Your objective:
Retype nothing except the lines below from the one with "Seguimos siendo individualistas, pero" through the one with "la cuisine MaxiFlex.", exactly, with images left out.

Data:
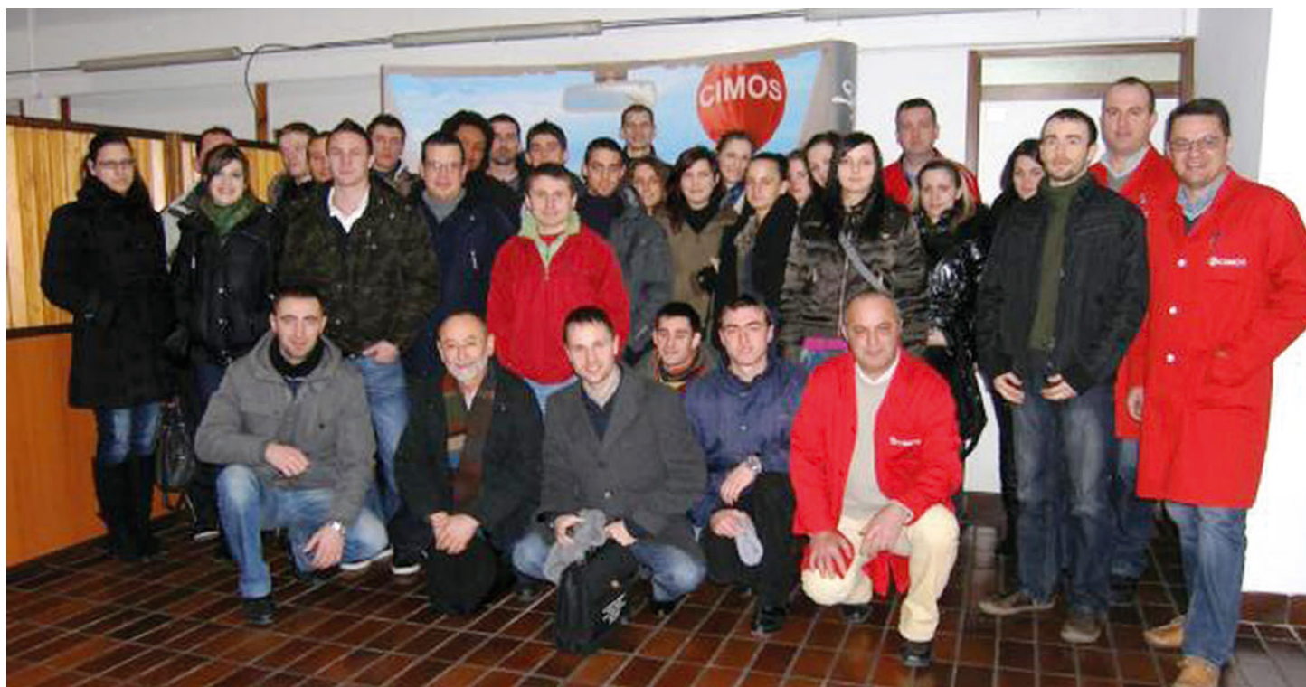
Studijski posjet poduzeću CIMOS d.d. zajedno sa studentima Veleučilišta u Rijeci
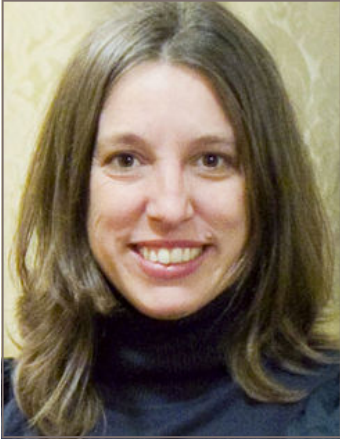
Victoria Camps (Barcelona, 1932)

Seguimos siendo individualistas, pero la crisis nos ha servido para ver que tenemos que ser más solidarios, que nos tenemos que unir, que cuestionar más, ser más radical y perder el miedo que inmoviliza.
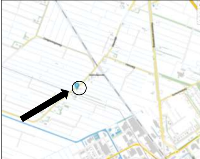
Globale ligging van het plangebied. De ligging van het plangebied wordt met de zwarte cirkel aangeduid (bron kaart: Ruimtelijke Plannen).

Het plangebied is gesitueerd aan de Stadburen in Nijeholtwolde (gemeente Weststellingwerf) en omvat een deel van het erf Stadburen 21 en een perceel agrarische cultuurgrond ten noorden ervan. Het ligt in het buitengebied, circa 650 meter ten noorden van de dorpskern Wolvega. Op onderstaande topografische kaart wordt de globale ligging van het plangebied weergegeven.
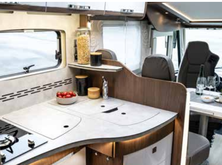
↑ Des rangements pour tout dans la cuisine MaxiFlex.
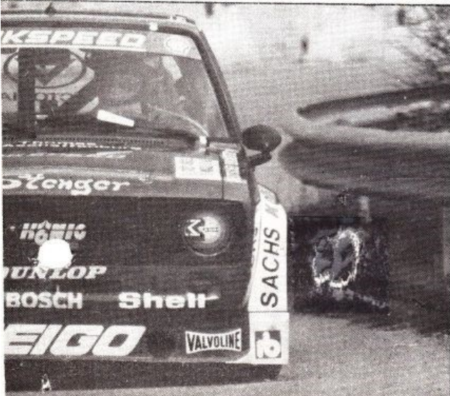
Stenger le champion d'Europe battu dans la seconde montée.
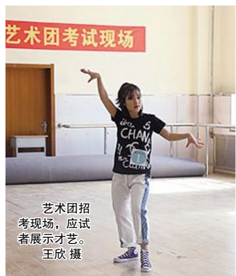
艺术团招考现场,应试者展示才艺。
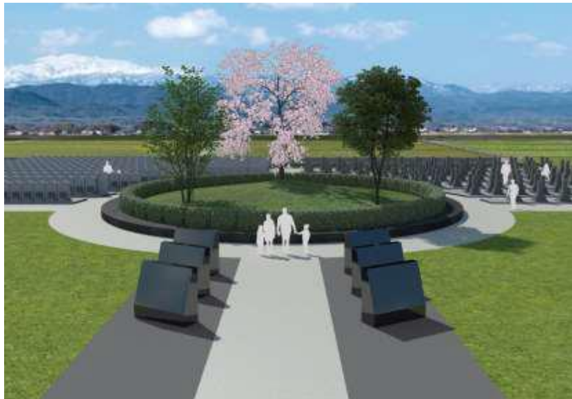
市営墓地公園（樹林型合葬墓）予定図
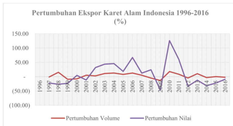
Gambar 3. Pertumbuhan Ekspor Karet Alam Indonesia 1996-2016

peningkatan harga-harga komoditas termasuk karet alam sehingga nilai ekspor karet alam Indonesia meningkat tajam sebesar 125.93 persen (4,44 milyar US$). Untuk melihat gambaran pertumbuhan volume dan nilai ekspor karet alam Indonesia dapat dilihat pada gambar 3.
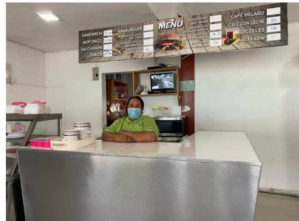
Empresas D' YEY Heladería y Restaurante Dominga Gourmet
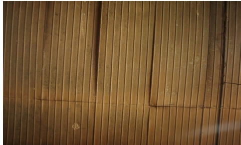
Gambar 2. Plafon bangunan dengan material logam.

ruang tamu ada ruangan yang terdiri dari tiga kamar tidur, gudang, dan ruangan kosong.
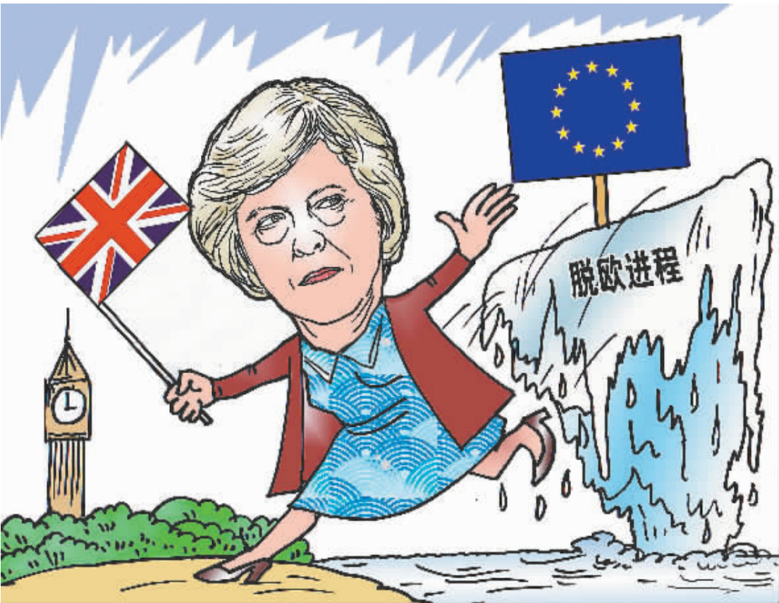
3月13日,英国两院正式授权首相特雷莎·梅启动脱欧进程。

格兰正站在“非常重要的十字路口前”,亟须在跟随英国“硬脱欧”和成为独立国家之间作出抉择。
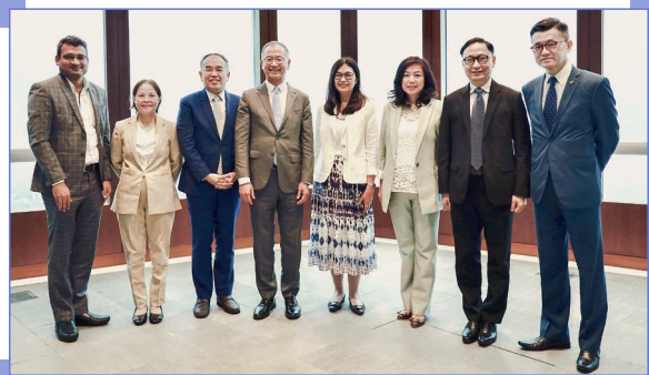
於2024年8月舉行的督導小組會議

本會行政總裁梁女士與金管局總裁余偉文先生於8月共同主持督導小組的會議。各成員在會上就香港採納國際財
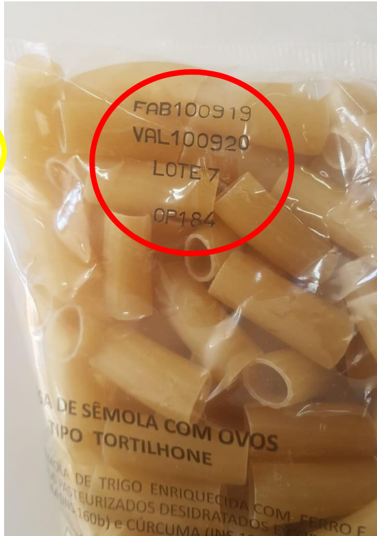
IDENTIFICAÇÃO: PRODUTO, MARCA, LOTE, VALIDADE

Answer:
Seguimos siendo individualistas, pero la crisis nos ha servido para ver que tenemos que ser más solidarios, que nos tenemos que unir, que cuestionar más, ser más radical y perder el miedo que inmoviliza.
Globale ligging van het plangebied. De ligging van het plangebied wordt met de zwarte cirkel aangeduid (bron kaart: Ruimtelijke Plannen).

Het plangebied is gesitueerd aan de Stadburen in Nijeholtwolde (gemeente Weststellingwerf) en omvat een deel van het erf Stadburen 21 en een perceel agrarische cultuurgrond ten noorden ervan. Het ligt in het buitengebied, circa 650 meter ten noorden van de dorpskern Wolvega. Op onderstaande topografische kaart wordt de globale ligging van het plangebied weergegeven.
↑ Des rangements pour tout dans la cuisine MaxiFlex.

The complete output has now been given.